I raise quite a number of prospects up to between 3 to 5 months of age and here is what I do with them.
At about 1 month old, I start taking them on trail walks. Nothing to fancy, just a half mile drive in the back of the truck to where I walk. There are 4 or 5 piles of rocks that I stop at and let them play and half fun. The idea here is to get them used to other areas besides the farm. I am sure many people can testify how barn sour goats can get. I try to keep it as easy and fun as possible. Walks are maybe a mile long or an hour in length. I do this without leads. I have found that if trained correctly, they will follow without a lead perfectly and when it does come time to lead train them, they almost dont need it cause they are already set to follow you.
By the time they are 3-5 months old I am taking them on walks up a 2500 foot tall hill and if the weather and river allows, doing water training in a below knee deep, slow moving part of the Yakima river. It is also during this time that a light weight dog pack pack fits them. I dont put anything in it. It just gets them used to having something on them. The sooner and more often you teach them, the better they will respond when they get to put on a real pack. But this applies to all their training.

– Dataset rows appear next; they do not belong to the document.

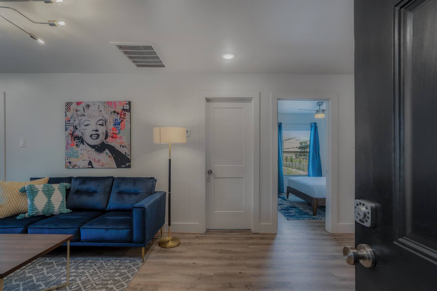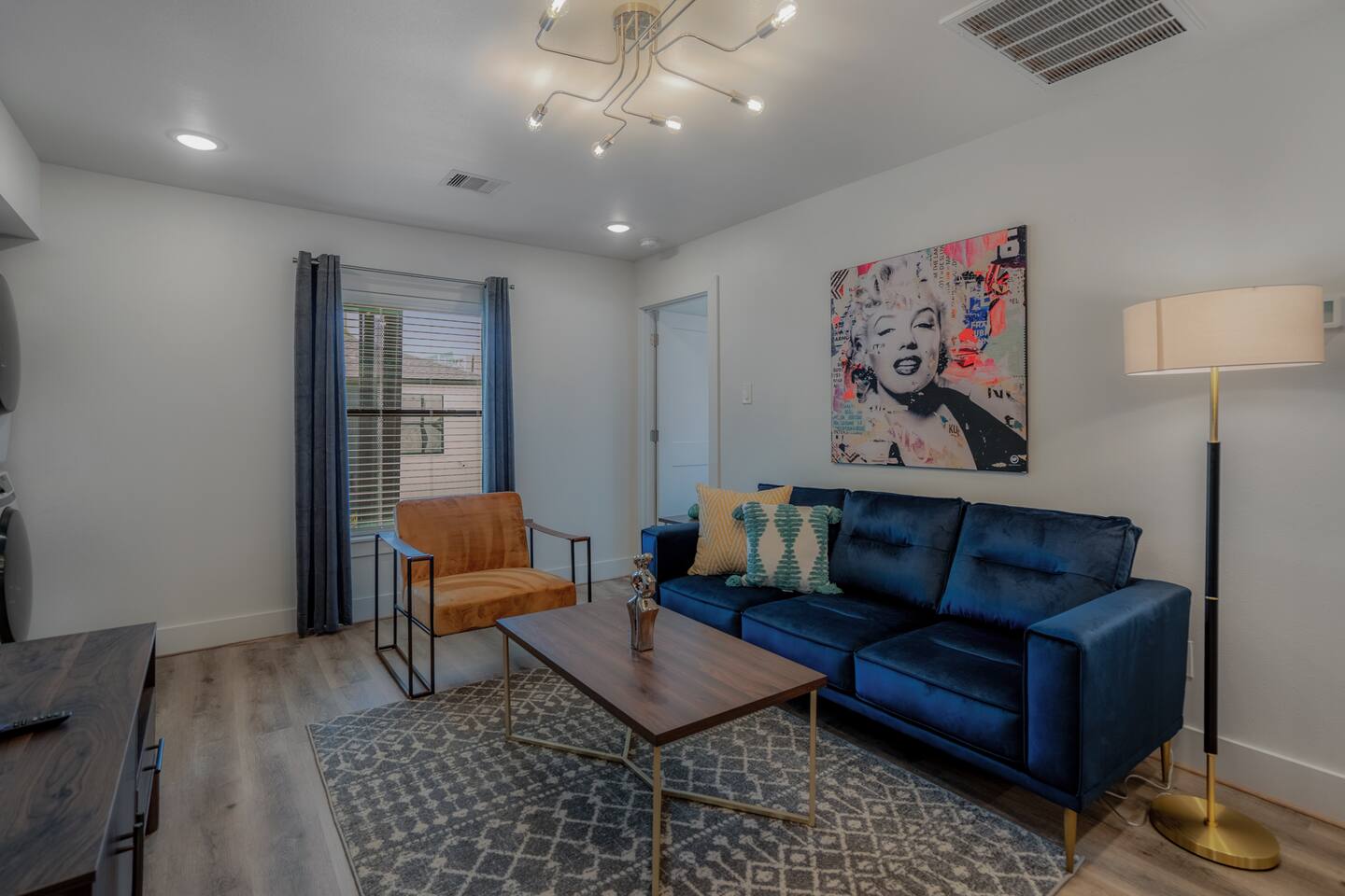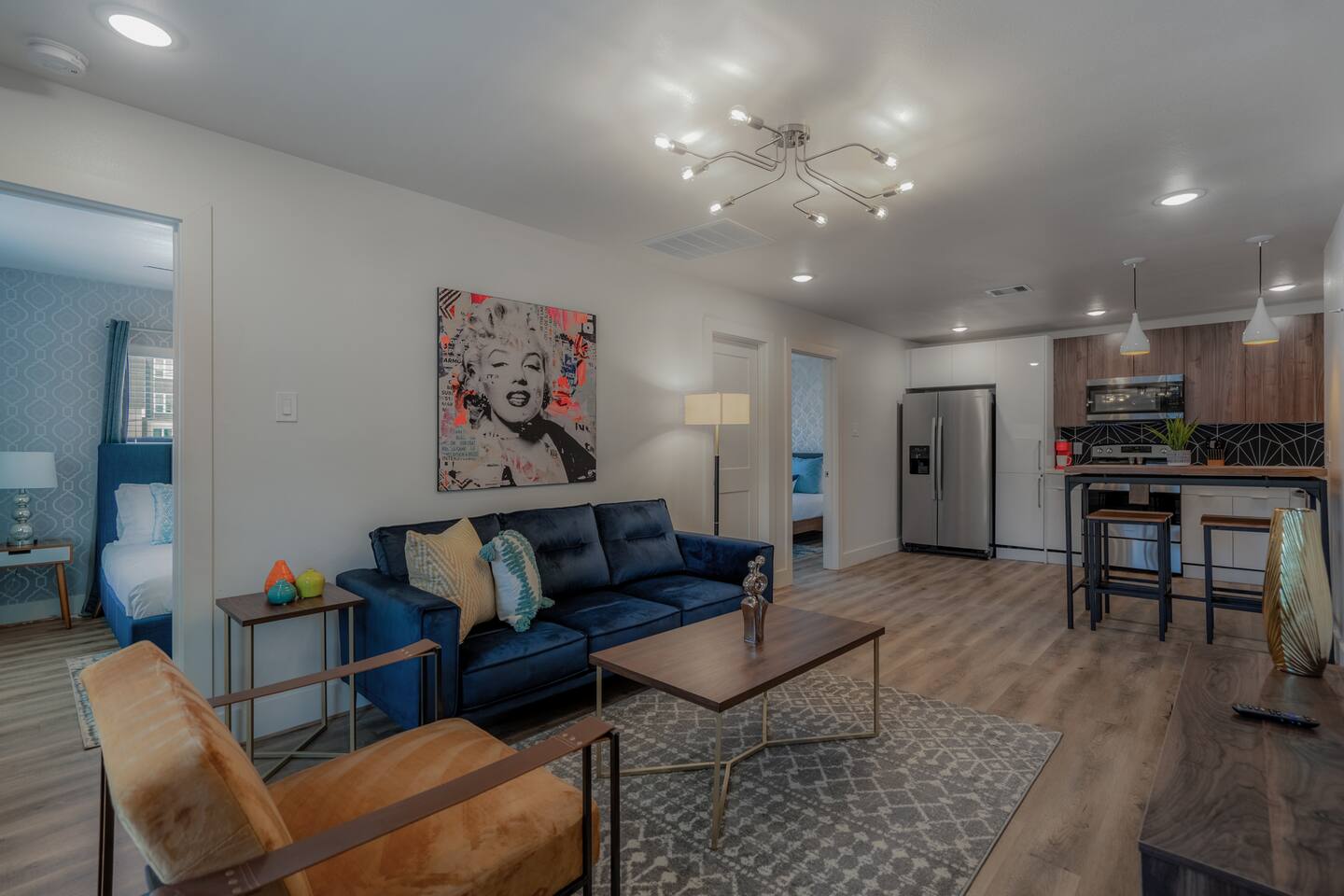 This fully renovated Marilyn unit is on the upper level, includes 2 bedrooms / 1 bath, and offers contemporary artwork, 2 comfortable queen beds, and a full chef’s kitchen. For those who prefer the outdoors, make your way to our plush courtyard for a conversation on our tear drop chairs or restful couches. Free street parking is available all around the property. As a note, this is ONE unit of 15 uniquely designed units at our property. Have more than 4 in your party? We can accommodate up to 60 guests. Our office is onsite and available Monday thru Friday. Ask us about early check ins!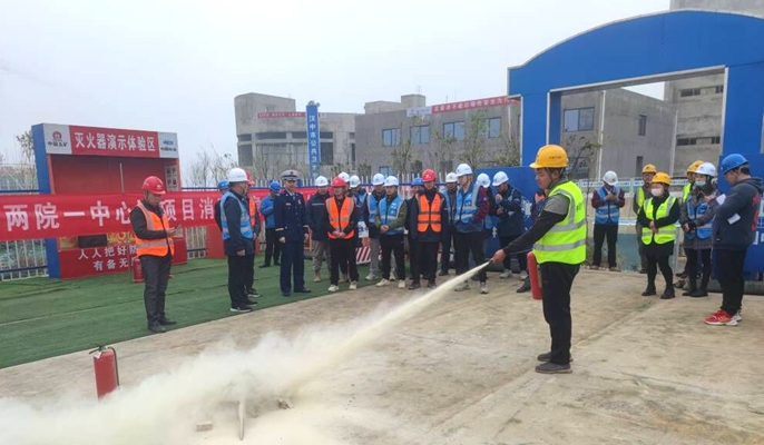 15日上午,汉中市“两院一中心”项目特别邀请汉中市南郑区消防支队政委亢佳,在项目建设现场开展了一场“消防月”主题宣教活动。亢佳政委首先为全体管理人员讲解了基本消防安全制度,结合消防事故案例与项目现场实际,介绍了相关法律法规、建筑施工特点、易导致火灾的隐患,并传授消防预防与救援知识、火灾应急逃生技巧。在项目安全体验区,他为大家详细介绍了消防灭火器的种类、使用场景与使用方法,并进行了现场演示,让大家对消防知识有了更直观的了解。
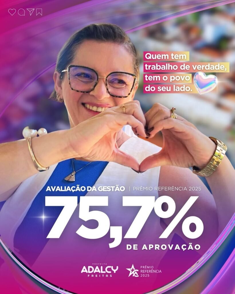 A gestão da prefeita Adalcy Freitas, de São Sebastião do Umbuzeiro, segue colhendo resultados positivos junto à população. De acordo com o Prêmio Referência 2025 do site Cariri em ação , a administração municipal conquistou 75,7% de aprovação, índice que reflete o reconhecimento do povo pelo trabalho realizado nos últimos anos.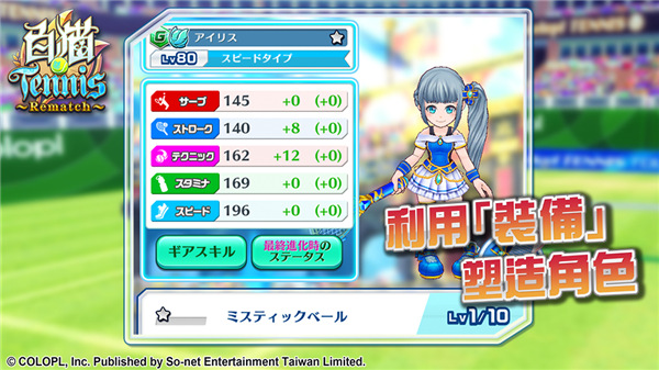 5、此外,玩家能够借助“装备”来塑造角色,为钟爱的角色换上炫酷的“球拍”与“球鞋”,提升角色等级,打造独具个人特色的网球选手。不仅如此,玩家熟知并喜爱的“星盘”也会在此重现,通过“星盘”可强化和解放角色的各项技能,从而顺利取得胜利。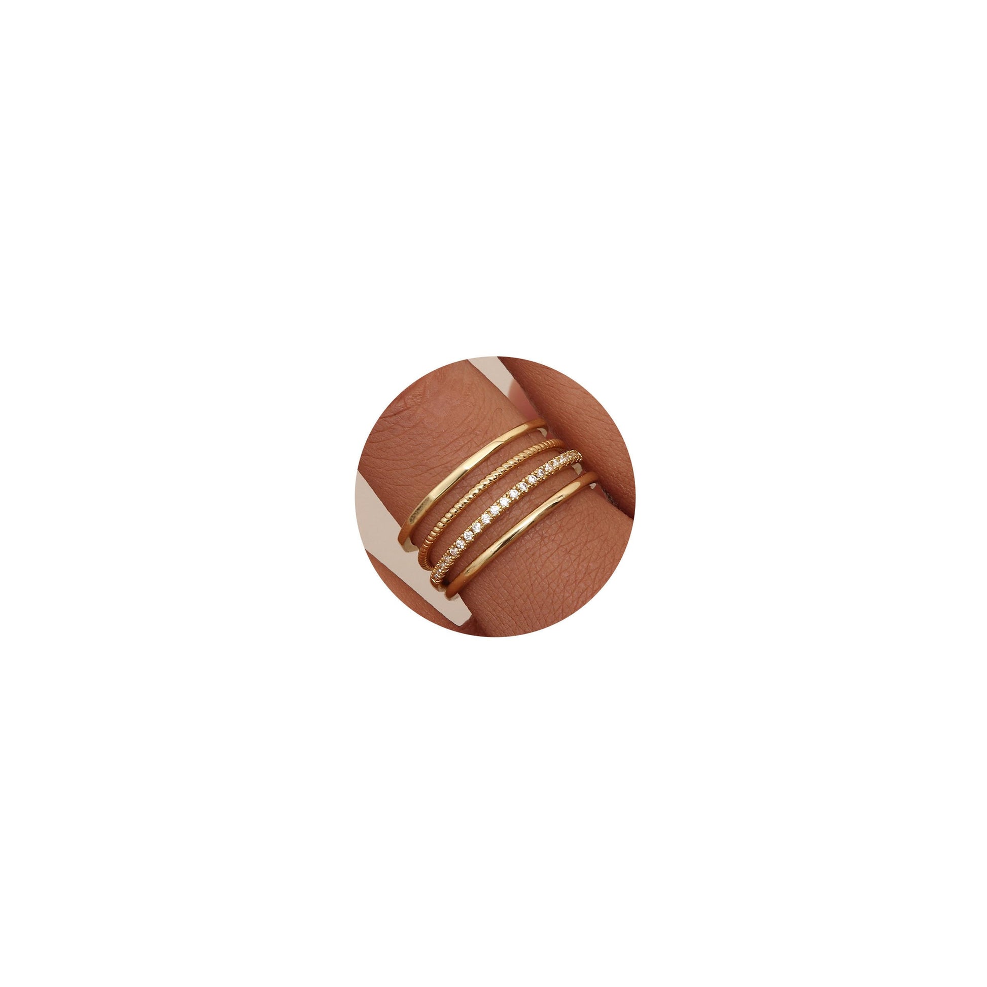 MILACOLATO 14K Gold Filled 1.3mm Thin Stackable Rings for Women - Minimalist Non Tarnish Half Cubic Zirconia Band Rings - Dainty Trendy Statement Stacking Rings Set Size 5-10

A real pack goat saddle can be put on a goat when the goat weighs 125 lbs. This is an averaged weight so dont be surprised if it doesnt fight quite right yet. Give it another month and then try again. Now, just because your goat can now wear his saddle, doesnt mean he always should. I have a friend who takes his packers out for an hour walk EVERYDAY. So they are much more conditioned then your average pack goat. He found good success putting weight on his goats earlier then normal. For me, running a 100 head goat farm and working full time, I dont get to take Legion out very often. So I would not be able to put weight on him even though he is already over 200 lbs. He is still only 18 months old about and is still growing. To much weight would be bad and falls in line with what San was talking about. When I do take Legion out, I dont let him carry more then a couple of 24 oz water bottles, a camera, cigs, nocks and maybe a light jacket. So much less then 10 lbs. or 5% of his body weight. And as everything around this area is flat, there is no elevation to our walks. So they are easy walks.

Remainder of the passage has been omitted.